During this time, Uptown developed an artist culture. The history of this culture is preserved in the annual Uptown Art Fair. In 1980, Minneapolis musician Prince released his seminal album Dirty Mind, which contained his paean to these artists, appropriately titled "Uptown". In 1993 he opened "New Power Generation," a retail store at 1408 West Lake Street, and in 1998 released "Calhoun Square," a song written in 1993, on his Crystal Ball album. A retail renaissance of the area occurred in the 1980s when Seven Points (formerly named Calhoun Square) was developed. Combining a half block of existing storefront buildings plus new construction, the renovation turned the area into a competitive retail draw from Downtown and from the suburban dales (malls). As the popularity of Uptown as a residential district grew again, the definition of the area expanded.

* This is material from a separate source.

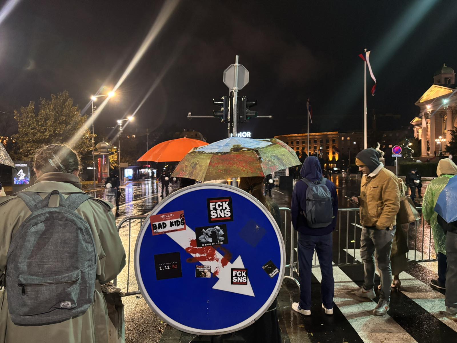 Nekoliko desetina policajaca u kabanicama i sa kapama čuva dvadesetak okupljenih pred zgradom najznačajnijeg zakonodavnog tela u državi, zgradom Narodne skupštine.
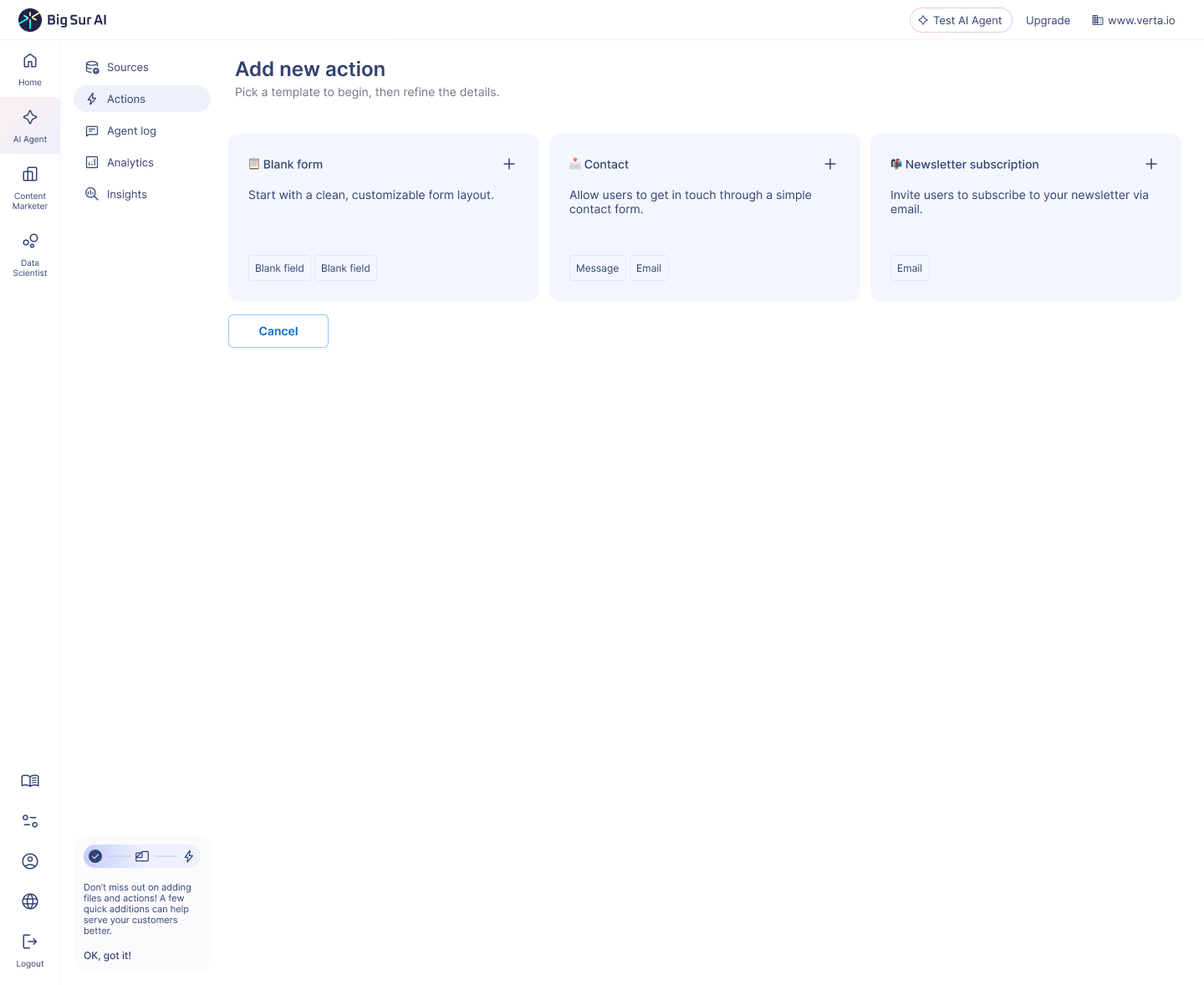 Big Sur AI: Best for high-quality AI agents across any industry, plus the only option to offer AI content marketing tools

The Lake Street Council launched a Museum In the Streets project, a series of free, self-guided walking tours highlighting business districts along Lake Street, including Uptown. The Uptown Tour spotlights historic businesses and places in the neighborhood, including the origins of Abdallah Candies, Schlampp & Sons Furriers, and the Uptown Theater.

The neighborhood experienced civil unrest in the aftermath of the killing of Winston Boogie Smith by law enforcement officers on June 3, 2021. Smith, a 32-year-old black American man, allegedly fired a gun as they attempted to apprehend him in a parking ramp belonging to Seven Points near West Lake Street and Girard Avenue. Protests were held over subsequent weeks with demonstrators periodically occupying a street intersection and nearby vacant lot near where Smith was killed, until eventually said lot was fenced off. On the night of June 13, a demonstrator, Deona Knajdek, was killed when a vehicle rammed into a street demonstration.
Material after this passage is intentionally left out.